Second Department of Cardiology, Athens University Medical School, Attiko University Hospital, Athens, Greece.
Int J Cardiol. 2012 May 17;157(1):31-7. doi: 10.1016/j.ijcard.2010.11.007. Epub 2010 Dec 22.
We investigated whether dobutamine-induced changes of the left atrial (LA) two-dimensional speckle tracking parameters are related to clinical and neurohumoral improvement after levosimendan treatment in patients with acutely decompensate chronic heart failure (ADCHF).
Forty-six patients with ADCHF and LV ejection fraction <35%, were studied using dobutamine stress echocardiography before a 24-hour infusion of levosimendan. In a multivariable model, we included: dobutamine-induced LV contractile reserve, change (%) of LA volume, LV longitudinal strain rate and LA speckle tracking parameters to assess the improvement of NYHA class, 6-min walk distance and brain natriuretic peptide (BNP).
The change (%) of LA-contractile strain and LV longitudinal stain rate were independent determinants of improvement of NYHA class, and BNP and increase in the 6-min walk test distance (b=-0.59, b=-0.65, b=0.41, and b=-0.44, b=-0.40, b=0.60, respectively, p<0.05).
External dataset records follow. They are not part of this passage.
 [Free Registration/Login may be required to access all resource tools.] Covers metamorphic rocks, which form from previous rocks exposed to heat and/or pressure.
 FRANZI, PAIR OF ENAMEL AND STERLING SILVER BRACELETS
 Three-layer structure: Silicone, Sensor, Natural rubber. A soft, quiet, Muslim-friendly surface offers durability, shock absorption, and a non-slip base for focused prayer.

The addition of LA-contractile strain change in the multivariable analysis including LV longitudinal stain rate change increased the value of the model from r(2)=0.46 to 0.58 for NYHA improvement and from r(2)=0.44 to 0.70, for the BNP reduction and from r(2)=0.49 to 0.60, for increase in the 6-min walk test distance (p<0.05). The change (%) of LA-reservoir strain was univariate determinant for increase in the 6-min walk test distance (b=-0.37, p=0.02) and increased the value of the multivariate model from r(2)=0.46 to 0.58, p=0.02.
In patients with ADCHF, left atrial two-dimensional speckle tracking parameters in addition to LV longitudinal strain rate may detect those patients who are prone to improve after levosimendan treatment.
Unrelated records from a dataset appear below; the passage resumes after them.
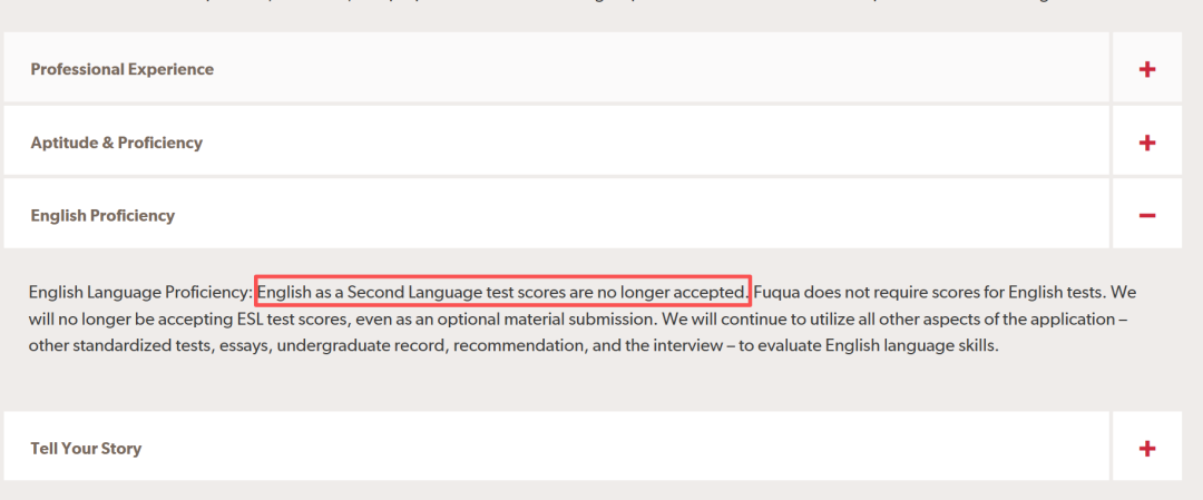 需要注意,杜克大学MQM项目不接受托福或雅思考试成绩,作为可选提交材料,将根据其他方面(其他标准化考试、论文、本科成绩、推荐信和面试)来衡量申请者的英语能力。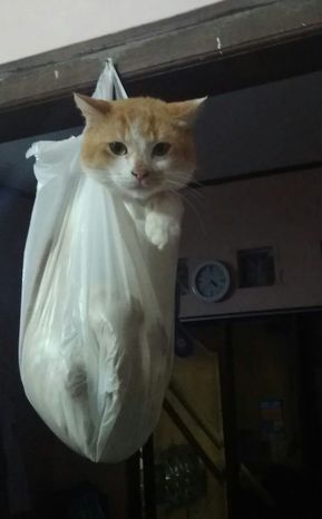 Kucing dengan warna jingga dan putih yang dimasukkan ke dalam kantong plastik dan digantungkan seperti ayunan pasti akan memberikan kesan lucu dan imut. Kucing adalah hewan yang umumnya dianggap menggemaskan, dan tampilan ini akan menambahkan elemen lucu dengan pose dan situasinya yang tidak biasa. Gambar ini mungkin mengundang respons emosional dari penonton.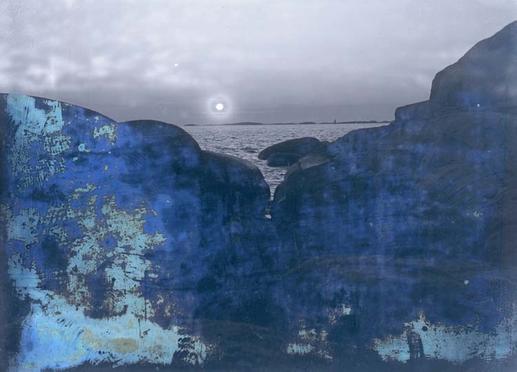 Enligt text som medföljde bilden: "Vid Stångehuvud." Solnedgång.

我们研究了多巴酚丁胺诱导的左心房(LA)二维斑点追踪参数变化是否与左西孟旦治疗急性失代偿性慢性心力衰竭(ADCHF)患者后的临床和神经激素改善相关。
46 例射血分数<35%的 ADCHF 患者在接受左西孟旦 24 小时输注前接受多巴酚丁胺负荷超声心动图检查。在多变量模型中,我们纳入了:多巴酚丁胺诱导的左心室收缩储备、LA 容积变化(%)、LV 纵向应变率和 LA 斑点追踪参数,以评估 NYHA 分级、6 分钟步行距离和脑钠肽(BNP)的改善情况。
LA 收缩应变和 LV 纵向应变率的变化(%)是 NYHA 分级改善的独立决定因素,BNP 和 6 分钟步行试验距离增加(b=-0.59,b=-0.65,b=0.41,b=-0.44,b=-0.40,b=0.60,p<0.05)。在包括 LV 纵向应变率变化的多变量分析中加入 LA 收缩应变变化增加了模型的价值,NYHA 改善的 r(2)=0.46 增加到 0.58,BNP 降低的 r(2)=0.44 增加到 0.70,6 分钟步行试验距离增加的 r(2)=0.49 增加到 0.60(p<0.05)。LA 储备应变的变化(%)是 6 分钟步行试验距离增加的单变量决定因素(b=-0.37,p=0.02),并使多变量模型的 r(2)=0.46 增加到 0.58,p=0.02。
在 ADCHF 患者中,左心房二维斑点追踪参数除了 LV 纵向应变率外,还可以检测出那些在左西孟旦治疗后易于改善的患者。